Output all the data exactly. Pictures do not belong in the copy.

::: Data segment :::

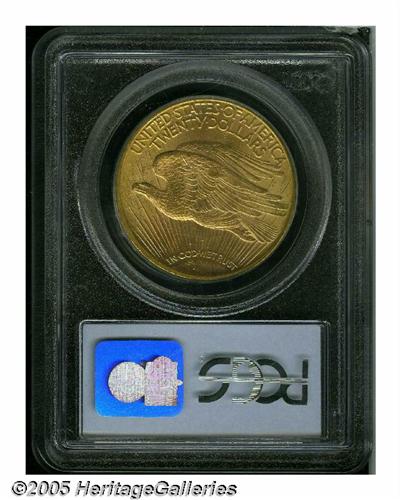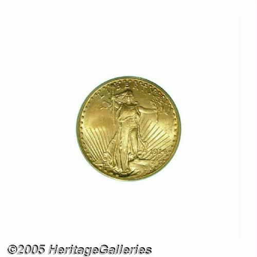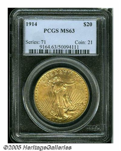 <B>1914<$20> MS63 PCGS.</B></I> Radiant peach and straw-gold colors endow this lustrous and reasonably preserved better date Double Eagle. The Capitol building is boldly impressed by the dies. The 1914 is popular with collectors, because of its production of just 95,250 pieces. To put that into perspective, the mintage is only a small fraction of the 1.2 million pieces struck of the famous 1914-D Cent rarity of the same date.
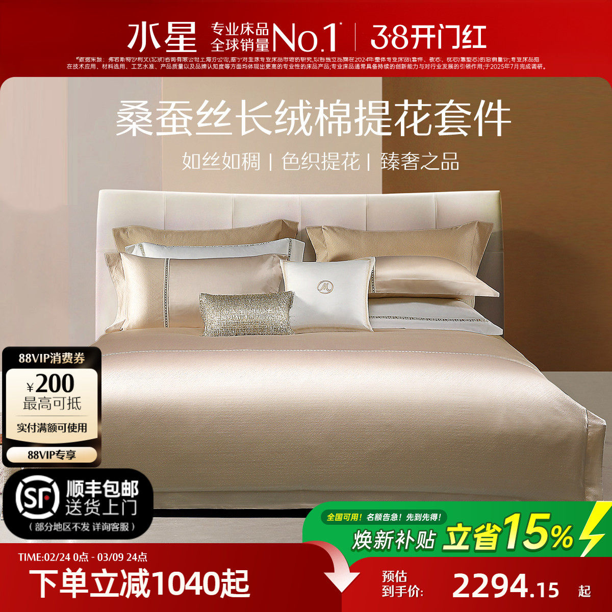 📚 水星家纺桑蚕丝四件套轻奢提花居家套件双人家用床单被套高端床品
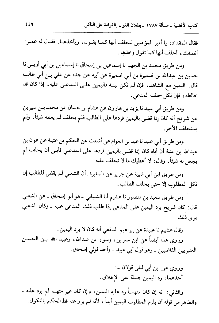 وَقَالَ هُشَيْمٌ نا عُبَيْدَةُ عَنْ إبْرَاهِيمَ النَّخَعِيِّ أَنَّهُ كَانَ لَا يَرُدُّ الْيَمِينَ وَرُوِيَ هَذَا أَيْضًا عَنْ ابْنِ سِيرِينَ، وَسَوَّارِ بْنِ عَبْدِ اللَّهِ، وَعُبَيْدِ اللَّهِ بْنِ الْحَسَنِ الْعَنْبَرِيِّينَ الْقَاضِيَيْنِ - هُوَ قَوْلُ أَبِي عُبَيْدٍ - وَأَحَدُ قَوْلَيْ إِسْحَاقَ.
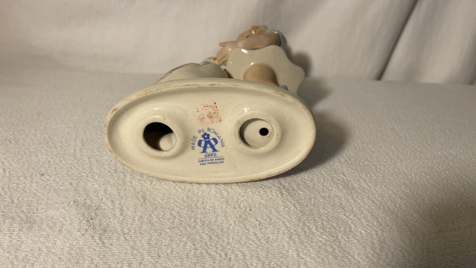 This vintage antique figurine made by ARPO in Romania depicts a girl feeding a duck goose. The multicolor ceramic and porcelain material with an antique finish adds to its charm. The figurine is perfect for collectors and is listed under the categories of Collectibles, Decorative Collectibles, and Sculptures Figurines. The brand ARPO is known for its intricate designs and this figurine is no exception. It would make a great addition to any collection and is a unique piece that will catch the eye of any visitor.

:::

### Exercise answer
 <B>1914<$20> MS63 PCGS.</B></I> Radiant peach and straw-gold colors endow this lustrous and reasonably preserved better date Double Eagle. The Capitol building is boldly impressed by the dies. The 1914 is popular with collectors, because of its production of just 95,250 pieces. To put that into perspective, the mintage is only a small fraction of the 1.2 million pieces struck of the famous 1914-D Cent rarity of the same date.
 📚 水星家纺桑蚕丝四件套轻奢提花居家套件双人家用床单被套高端床品
 وَقَالَ هُشَيْمٌ نا عُبَيْدَةُ عَنْ إبْرَاهِيمَ النَّخَعِيِّ أَنَّهُ كَانَ لَا يَرُدُّ الْيَمِينَ وَرُوِيَ هَذَا أَيْضًا عَنْ ابْنِ سِيرِينَ، وَسَوَّارِ بْنِ عَبْدِ اللَّهِ، وَعُبَيْدِ اللَّهِ بْنِ الْحَسَنِ الْعَنْبَرِيِّينَ الْقَاضِيَيْنِ - هُوَ قَوْلُ أَبِي عُبَيْدٍ - وَأَحَدُ قَوْلَيْ إِسْحَاقَ.
 This vintage antique figurine made by ARPO in Romania depicts a girl feeding a duck goose. The multicolor ceramic and porcelain material with an antique finish adds to its charm. The figurine is perfect for collectors and is listed under the categories of Collectibles, Decorative Collectibles, and Sculptures Figurines. The brand ARPO is known for its intricate designs and this figurine is no exception. It would make a great addition to any collection and is a unique piece that will catch the eye of any visitor.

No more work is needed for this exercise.